◆ What you need to do:
Reproduce only what runs from the line containing "Набор из 4 электроинструментов" to the line containing "Beautiful Collectible Sift" in the records below, inclusive. Keep it exact, and keep the pictures out.

◆ Raw data:

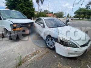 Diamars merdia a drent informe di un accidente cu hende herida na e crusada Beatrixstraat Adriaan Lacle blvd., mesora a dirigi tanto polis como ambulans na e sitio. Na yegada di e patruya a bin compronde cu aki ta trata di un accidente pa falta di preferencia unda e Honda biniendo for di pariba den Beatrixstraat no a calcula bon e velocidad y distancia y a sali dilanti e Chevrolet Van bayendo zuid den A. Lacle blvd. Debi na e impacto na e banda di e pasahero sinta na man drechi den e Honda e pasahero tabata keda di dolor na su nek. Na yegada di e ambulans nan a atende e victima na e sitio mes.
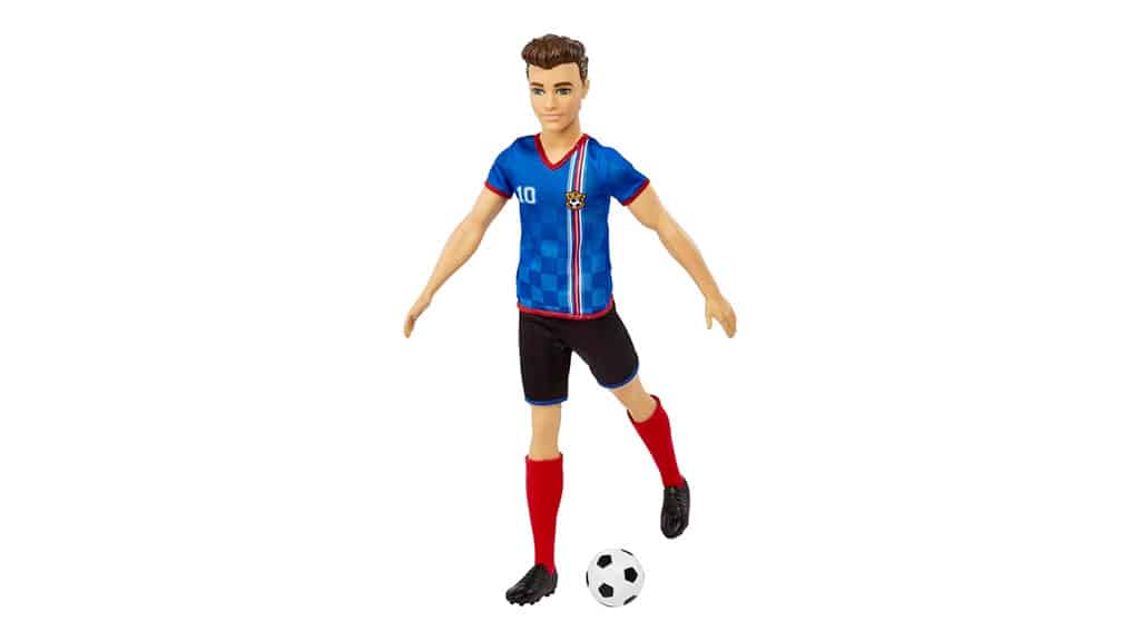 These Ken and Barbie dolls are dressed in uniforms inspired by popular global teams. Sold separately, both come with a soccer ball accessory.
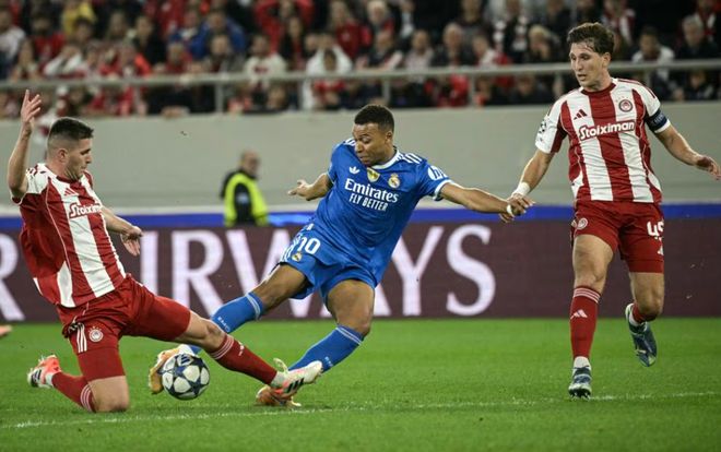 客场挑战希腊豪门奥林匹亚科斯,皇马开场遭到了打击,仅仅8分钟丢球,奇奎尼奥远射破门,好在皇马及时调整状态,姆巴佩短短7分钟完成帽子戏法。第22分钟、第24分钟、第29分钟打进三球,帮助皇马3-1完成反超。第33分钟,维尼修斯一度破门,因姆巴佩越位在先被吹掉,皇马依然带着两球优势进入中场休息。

...

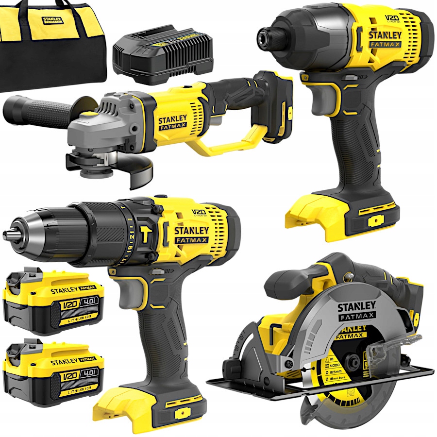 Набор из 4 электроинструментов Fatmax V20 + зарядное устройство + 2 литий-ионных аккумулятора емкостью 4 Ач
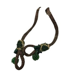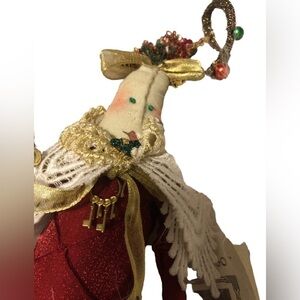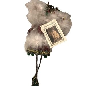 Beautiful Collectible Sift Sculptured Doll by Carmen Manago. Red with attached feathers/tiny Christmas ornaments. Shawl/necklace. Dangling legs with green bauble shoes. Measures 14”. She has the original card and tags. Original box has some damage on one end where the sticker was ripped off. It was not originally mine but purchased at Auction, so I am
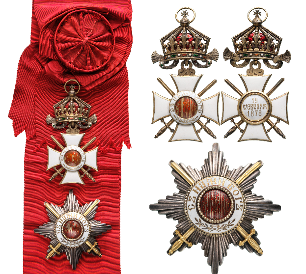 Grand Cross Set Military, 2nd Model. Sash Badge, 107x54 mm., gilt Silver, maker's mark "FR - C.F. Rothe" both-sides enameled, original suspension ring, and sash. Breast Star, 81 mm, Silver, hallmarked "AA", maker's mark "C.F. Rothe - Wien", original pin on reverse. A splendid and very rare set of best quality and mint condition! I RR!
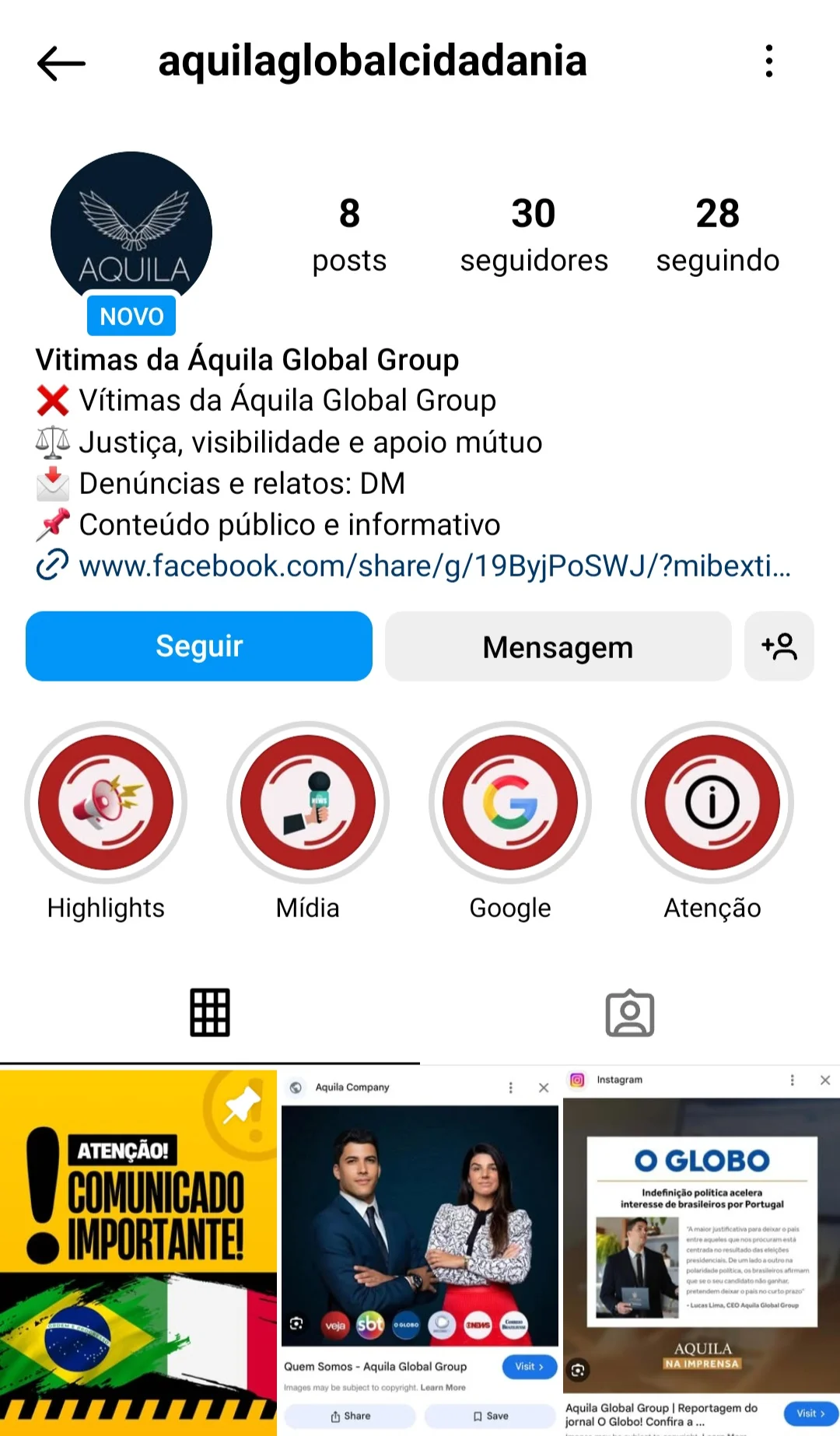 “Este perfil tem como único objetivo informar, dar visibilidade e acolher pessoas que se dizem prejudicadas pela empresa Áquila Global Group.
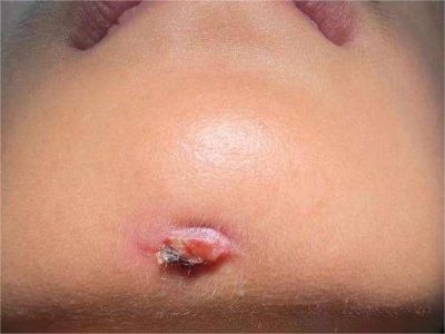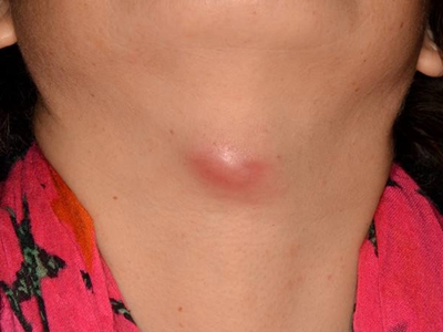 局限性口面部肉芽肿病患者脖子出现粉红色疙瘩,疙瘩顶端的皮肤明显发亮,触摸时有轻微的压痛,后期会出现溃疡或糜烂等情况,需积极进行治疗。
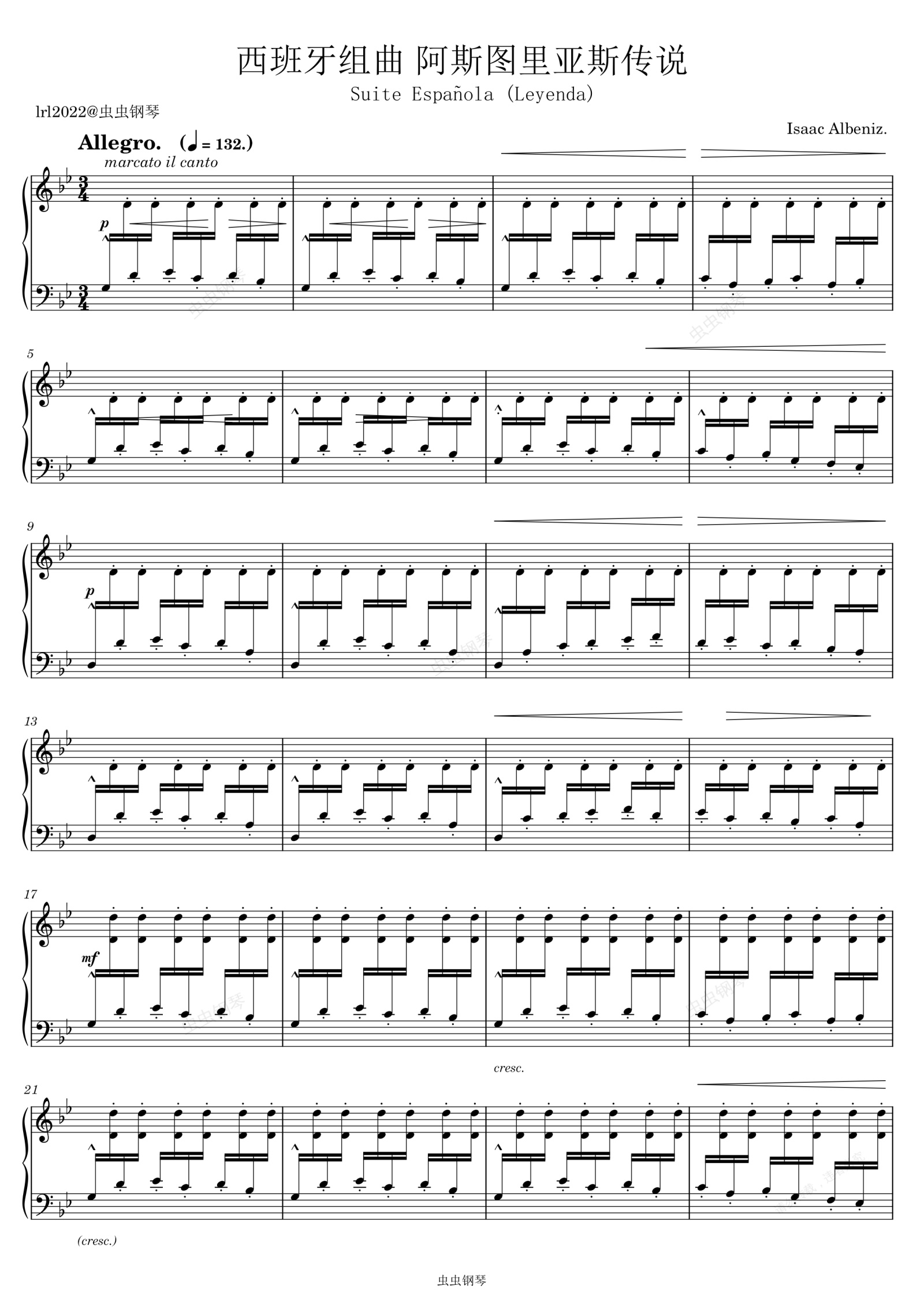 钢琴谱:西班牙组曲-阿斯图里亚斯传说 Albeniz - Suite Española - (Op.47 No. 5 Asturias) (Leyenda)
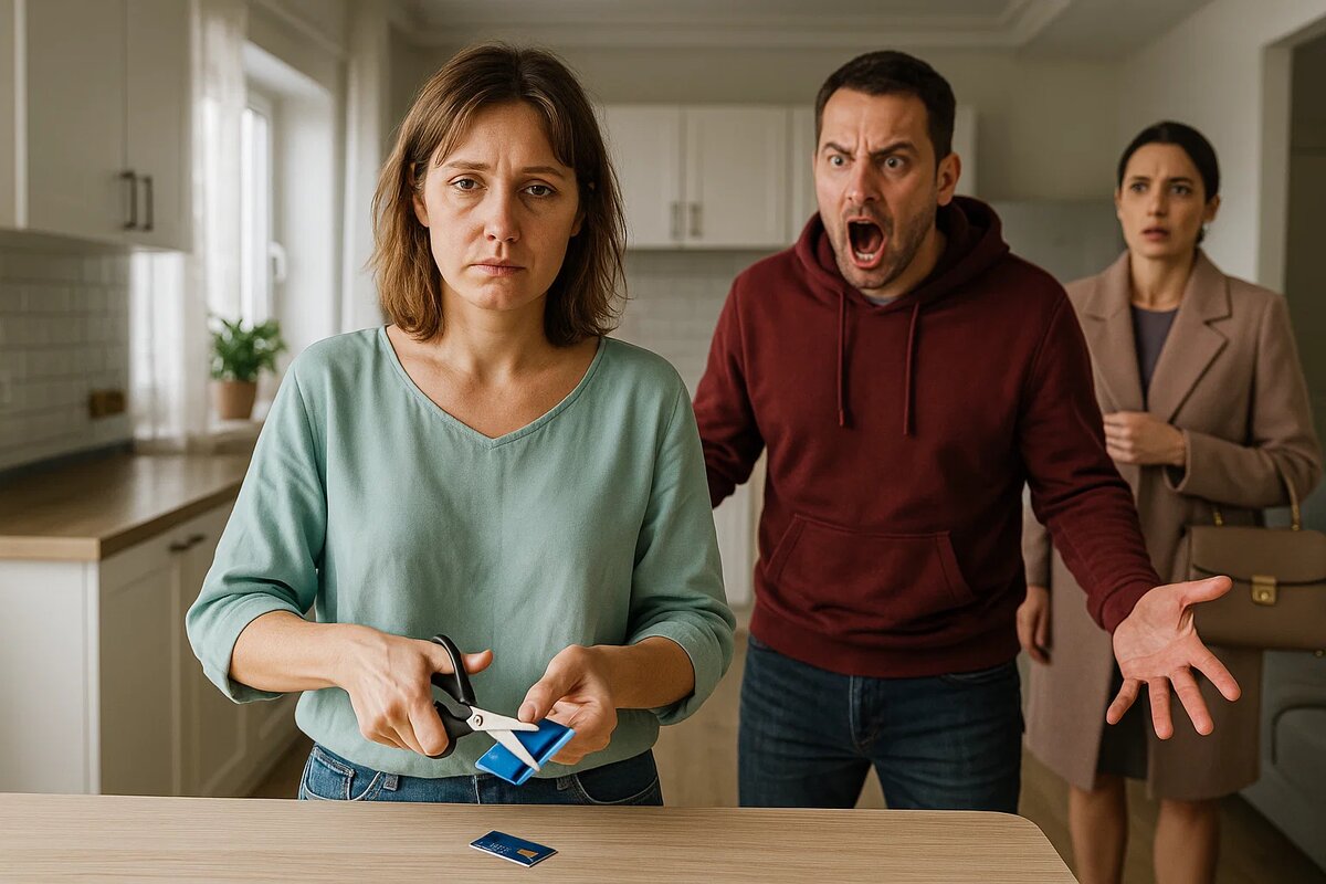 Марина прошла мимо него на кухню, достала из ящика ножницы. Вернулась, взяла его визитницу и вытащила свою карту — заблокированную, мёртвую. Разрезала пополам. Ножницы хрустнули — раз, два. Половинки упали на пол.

◆ Output for this task:
 Набор из 4 электроинструментов Fatmax V20 + зарядное устройство + 2 литий-ионных аккумулятора емкостью 4 Ач
 Beautiful Collectible Sift Sculptured Doll by Carmen Manago. Red with attached feathers/tiny Christmas ornaments. Shawl/necklace. Dangling legs with green bauble shoes. Measures 14”. She has the original card and tags. Original box has some damage on one end where the sticker was ripped off. It was not originally mine but purchased at Auction, so I am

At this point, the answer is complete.